Water infrastructure — the unmet needs of low-income communities
To meet the promise of its day one executive order on Racial Equity and Support for Underserved Communities, the Biden administration needs to provide low-income communities, communities of color and Indigenous people the same access to clean and safe water that the rest of our nation takes for granted.
Biden’s COVID-19 relief plan makes a down payment on that promise by funding improved access to clean water for the overburdened communities of Indian Country. The new administration’s climate executive order acknowledged a history of underinvestment in water and wastewater infrastructure in disadvantaged communities.
The needs are immense. A recent survey estimated that over the next 20 years, it will take nearly $473 billion to ensure the safety of our drinking water supply. The need is greatest in poor communities and communities of color, which have long been shortchanged. In a pattern that is all too familiar, $120 billion in federal spending for wastewater and drinking water infrastructure over the last half a century has left communities of color, low-income communities and Indigenous people with large unmet needs for reliable and affordable water infrastructure.
The most obvious example is evidence that 2 million Americans lack access to adequate plumbing or sanitation — the running water and flushing toilets that most of us consider essential. An astonishing 6 percent of Native American households lack full plumbing, making those households 19 times as likely as white households to suffer such a lack. Latinx and African American households are “only” twice as likely. Lack of plumbing and sanitation means that children play in yards flooded with raw sewage and families drive for hours to get household water from public taps, or draw water from contaminated streams or springs.
But the problems go beyond the households that lack indoor plumbing. Over 9 million homes, many of them in our poorest cities, get water through lead pipes and more than 44 million people are served by water systems with water quality problems. There are also widespread problems with well water, with nearly a quarter of private well tests by one agency finding unhealthy bacteria and other contaminants like arsenic, uranium and nitrates.
But even those fortunate enough to be served by systems with safe water may not be able to afford it. A 2020 report found water bills skyrocketing by as much as 80 percent, with as many as two-fifths of residents in some cities living in neighborhoods where bills exceed 4 percent of household income and are therefore considered unaffordable.
The evidence of unaffordability is growing. Currently, California residents owe more than $1 billion on their water bills and one in every eight households is currently behind on payments. In Virginia, more than half a million households are behind, the vast majority of them by two months or more. In 2019, at least half a million California residents had their water cut off for non-payment and gaps in the data mean the actual number was almost certainly much higher.
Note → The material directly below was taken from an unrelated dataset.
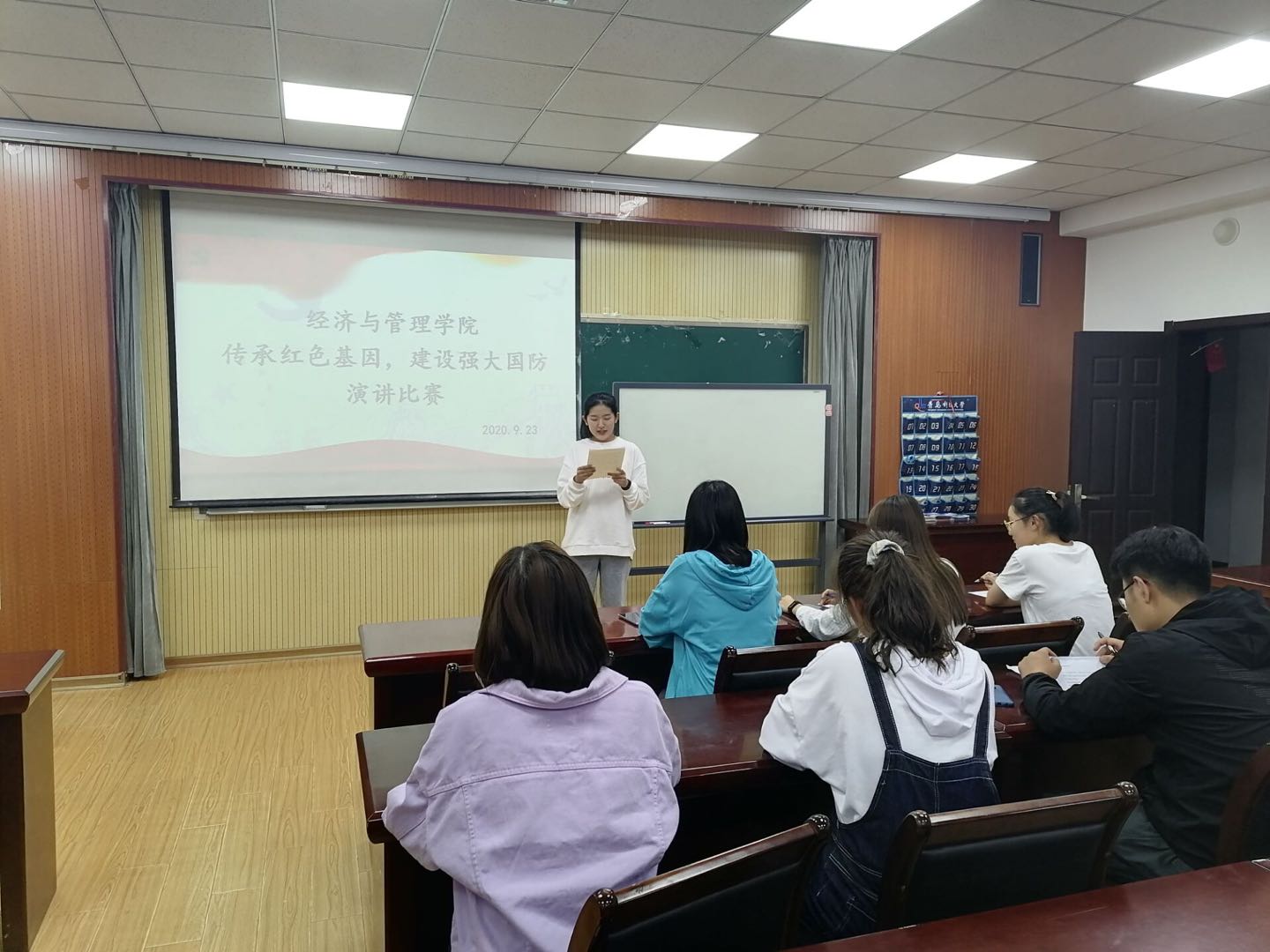 于经管楼419室顺利举办“传承红色基因,建设强大国防”主题演讲比赛。

When residents can’t pay their water bills they may lose their homes. In Cuyahoga County, where Cleveland is located, more than 11,000 water liens — sometimes for unpaid bills as low as $300 — were issued between 2014 and 2018. Such liens and other punishment for non-payment can boost the risk of eviction and foreclosure. Not surprisingly, they are more common in communities of color.
Federal funding for water system infrastructure projects is available to communities through a federal and state loan fund, but the level of funding has declined substantially since 1977. This has forced local utilities to hike their rates to raise money to upgrade aging infrastructure, comply with safety standards for contaminants like PFAS, lead and nitrates and adapt to extreme weather conditions linked to the climate crisis.
Stimulus funding will undoubtedly include hefty increases for the existing revolving loan program, but money for that program may not help poor communities. These, after all, are the very communities that the program has underserved in the past and they may lack the resources to qualify for loans or to repay them on terms that are not crippling for the communities.
A pair of Environmental Protection Agency (EPA) programs may suggest a way forward. Last year, Congress provided EPA $54 million to provide grants — not loans — for basic drinking water and sanitation in Alaskan Native Villages and desperately poor U.S. communities along the Mexican border. Since 1996, the Alaska program has raised the share of rural Alaska homes with sustainable and affordable in-home water and sanitation services from 50 percent to nearly 95 percent, reducing human exposure to raw sewage and drinking water contaminants, improving public health and reducing health care costs.
If our nation is serious about environmental justice, it must find ways to help overburdened and underserved communities build new infrastructure and replace lead pipes and other aging infrastructure on terms that will truly meet their needs.
David F. Coursen is a former EPA attorney and a member of the Environmental Protection Network, a nonprofit organization of EPA alumni working to protect the agency’s progress toward clean air, water, land and climate protection.